Weighty Words: The Future of e-Books, Part 3

If e-books have been a commercial flop thus far, then how do Americans access books? In 2004-2005 we were divided equally between purchasing 2.3 billion books and checking out 2.4 billion books from libraries. Libraries remain a critical steward of our world’s knowledge. But even as the world wide web has made information more global, most libraries remain local in their focus. Number of Words Dedicated to Wikipedia Entries

For librarians, it must seem that the web has turned information gathering on its head. The Internet is a heady young fellow, self-obsessed, self-referential, and unflinchingly modern in its focus (see right). Libraries house history, centuries of wisdom buried deep in stacks, and even deeper in the un-searchable text of yellowing book pages. So how can libraries remain relevant?

Let’s first examine the mission of public libraries versus the mission of major search engines. The following excerpts are from the mission statements of several major libraries and a certain web giant – see if you can distinguish between them (hover over or click the link for the answers):

A. “Helping people advance knowledge to enrich lives

B. “…to organize the world’s information and make it universally accessible and useful.

C. “…to sustain and preserve a universal collection of knowledge and creativity for future generations.

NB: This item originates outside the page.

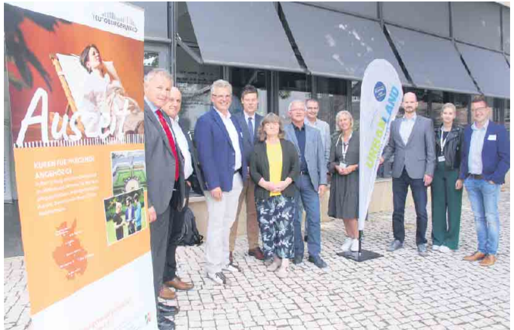
Die erste Fachtagung zum Thema Reha für pflegende Angehörige ist sehr erfolgreich verlaufen.

In Deutschland gibt es etwa vier Millionen pflegende Angehörige aller Alterstufen. Viele davon sind berufstätig. Die Vereinbarkeit von Pflege, Familie und Arbeit stellen eine hohe Belastung dar, die zu psychischer Überbelastung und körperlicher Erkrankung führen kann. Um die Gesundheit pflegender Angehörige zu fördern, haben sich derzeit vier Reha-Kliniken in OWL auf die Stärkung pflegender Angehöriger spezialisiert. Neben der Klinik Berlin in Bad Driburg werden solche Auszeiten auch im MZG in Bad Lippspringe, der Berolina Klinik in Bad Oeynhausen und der Rose Klinik in Horn-Bad Meinberg angeboten. Dabei soll es aber nicht bleiben. „Wir stellen uns vor, dass es bis 2024 in OWL sechs bis acht Klini-

D. “…collecting, cataloging, and conserving books and other materials…. to serve as a great storehouse of knowledge… and to function as an integral part of a fabric of information and learning that stretches across the nation and the world.

E. “…to create a comprehensive, searchable, virtual card catalog of all books in all languages that helps users discover new books and publishers discover new readers.


Private Sector Libraries

Clearly the missions of Google (and other search engines) are converging with those of the leading libraries. Google recognized this as an opportunity and launched the Google Library Project in late 2004. The project started with five major library partners, but has since extended to 11 libraries in three countries. Google is digitizing the contents of prestigious libraries such as Harvard, Stanford and Oxford, increasing access to tens of millions of unique books that were once accessible only to a small, elite group.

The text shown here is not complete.